A variety of other returns, payments and tax-related actions also qualify for additional time. See the disaster relief page on IRS.gov for details on these and other relief provisions the IRS has offered since these hurricanes began hitting in August.

Troubleshooting: Is QuickBooks Online Down?

A common thread pops up on a few of the QB ProAdvisor groups when QBO is having issues and none of us can log in. Sometimes it happens to everyone, sometimes just to some of us, sometimes it’s an isolated incident. Knowing whether or not it’s happening to others can be handy in troubleshooting, so I wanted to share some default “what to do” advice —

  1. clear your cache and cookies — do this for each browser user you have (it’s common especially in Chrome to have multiple “users”);
  2. make sure not to use a bookmarked link to sign in, but rather type qbo.intuit.com in the URL line;
  3. if it still doesn’t work, check out this link to see if others are reporting the same issues: Quickbooks Online down? Current problems and outages

Yesterday the system pretty much went down for everyone for the whole day, but clearing the cache and cookies and typing out the address got most folks back in… by 3 pm the engineers had resolved whatever was wrong and it looks like everyone’s going strong today.

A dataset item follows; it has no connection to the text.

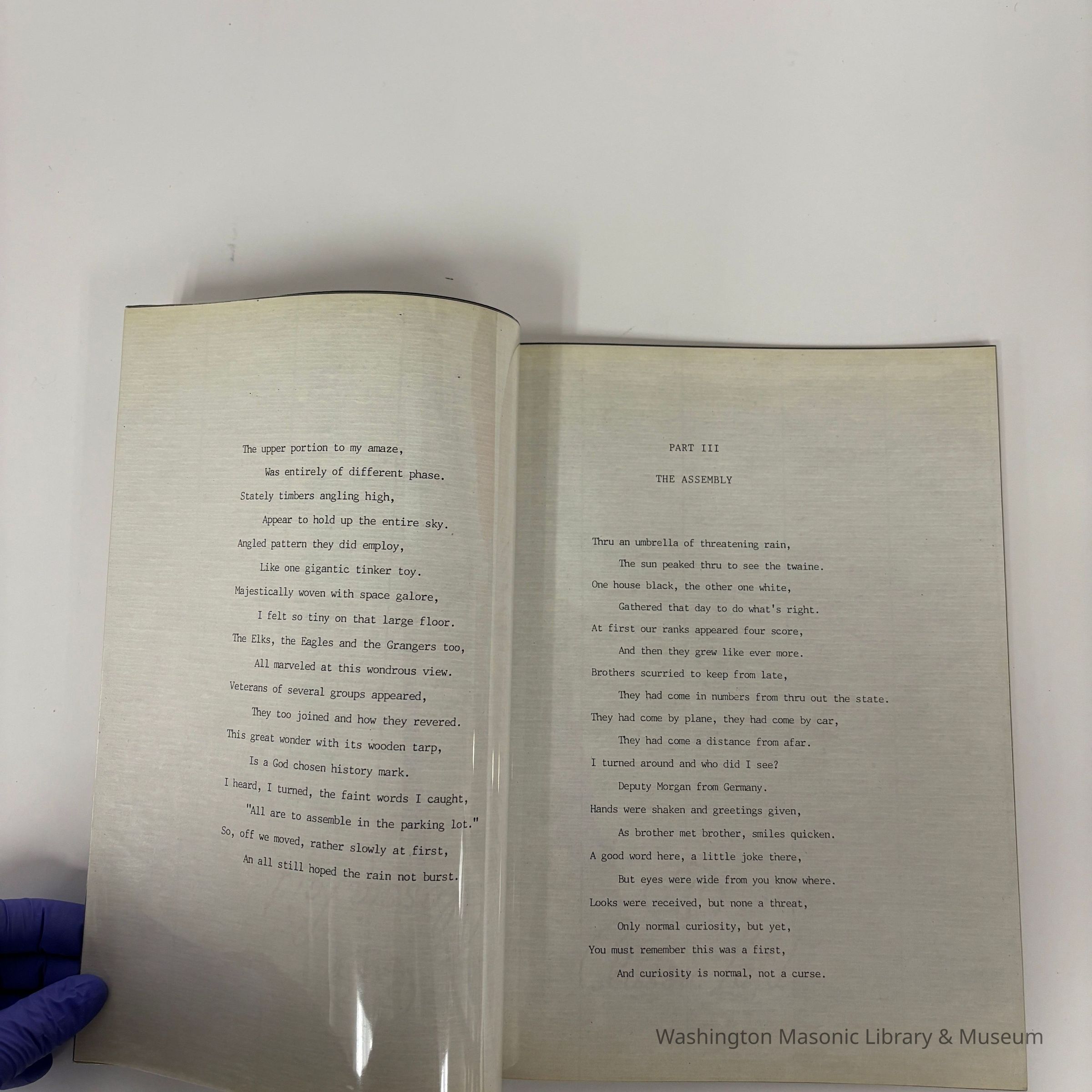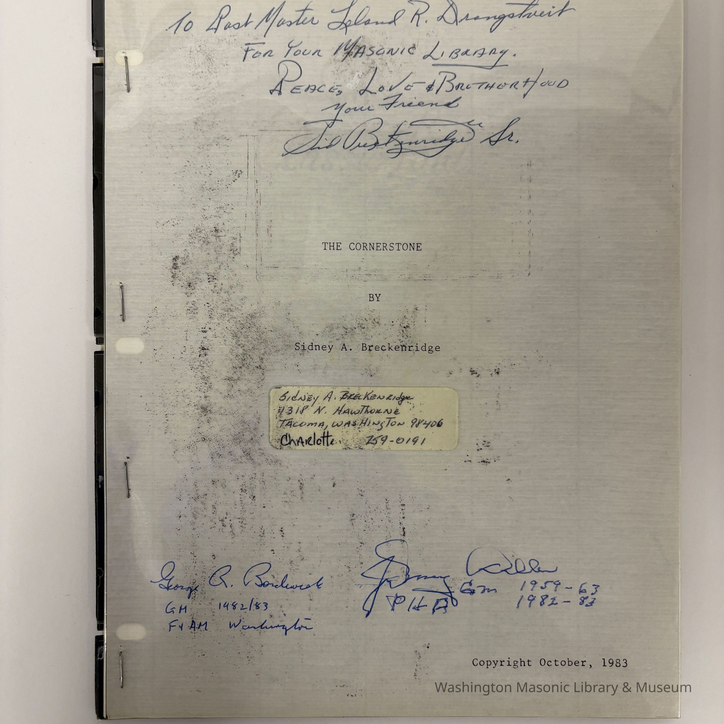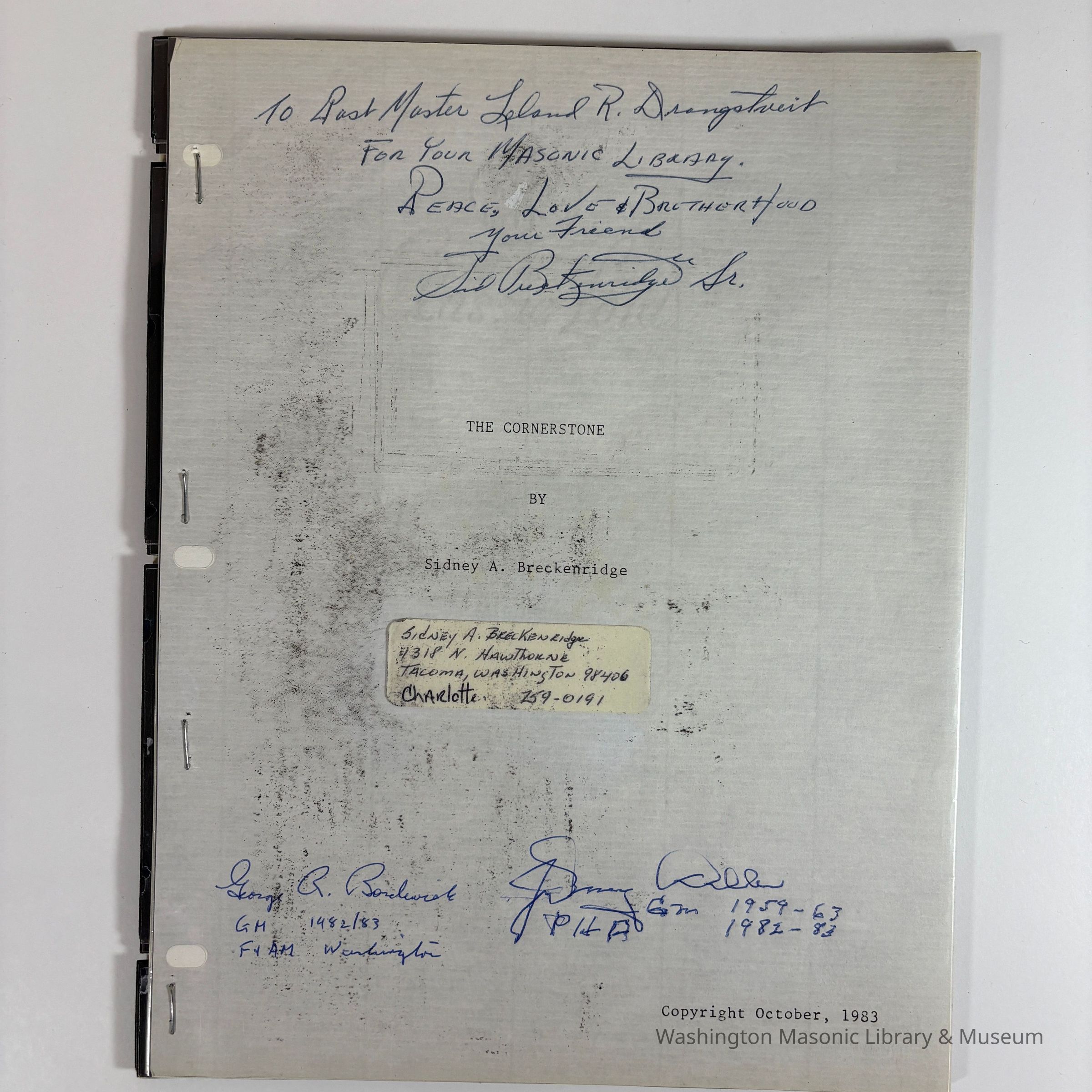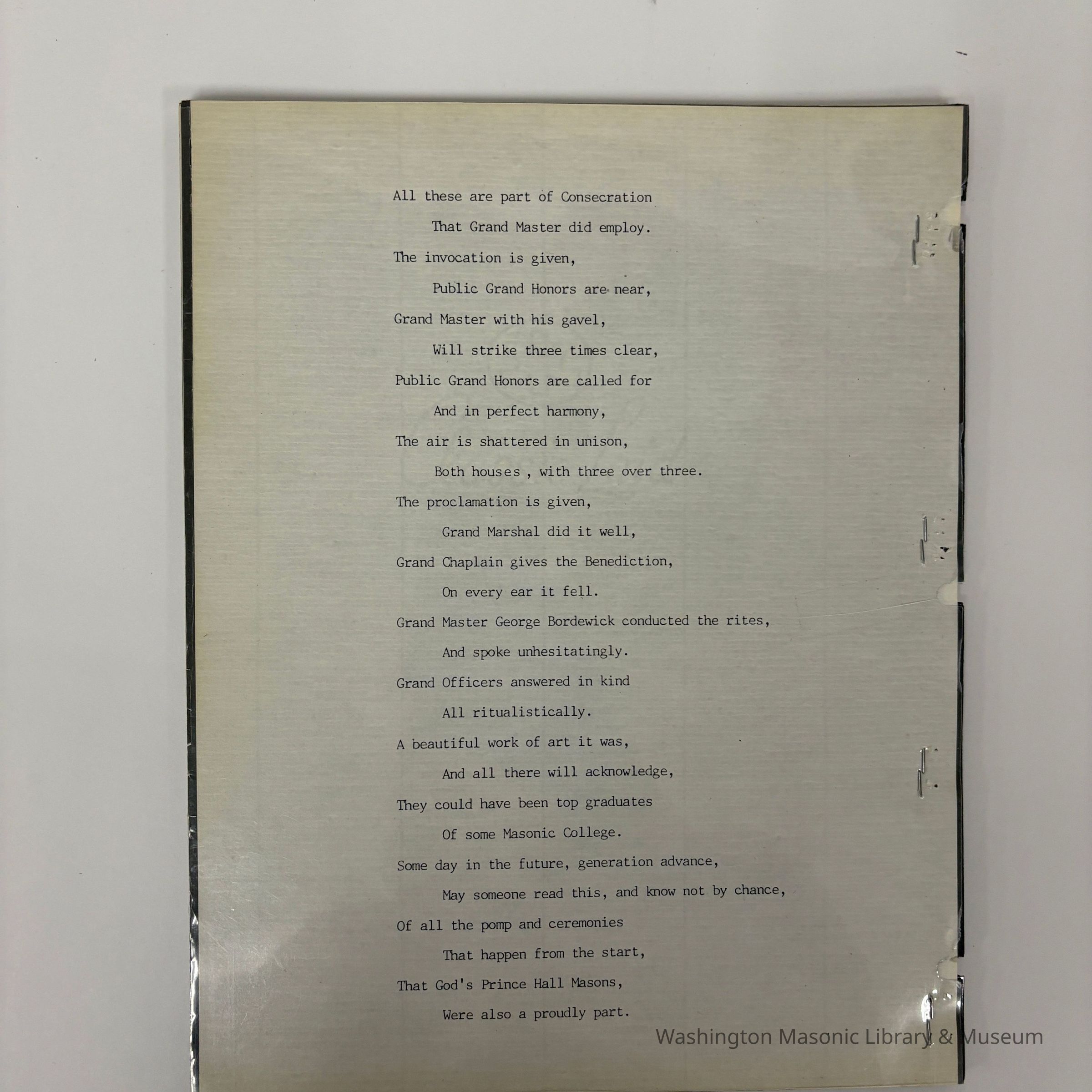 Document: Stapled together and bound in plastic. Poem and forward. Detailing the dedication of the cornerstone at the Tacoma Dome by Prince Hall Grand Lodge of Washington and the MW Grand Lodge of Washington. Written by Sidney A. Breckenridge (of Prince Hall) and signed by PGM George Bordewick and PGM Sidney Allen (Prince Hall). (1983)

12/10/18 Update on #3 — an interested reader shared Website Planet’s similar tool with the following comment:

While downdetector.com does a good job, it’s not really user-friendly and isn’t very fast. Down or Not is ad-free, quite straightforward, and fast to load. It allows you to check if your website is down across the globe or only on your computer screen, and it’s quite quick and easy-to-use (and it’s completely free, too)!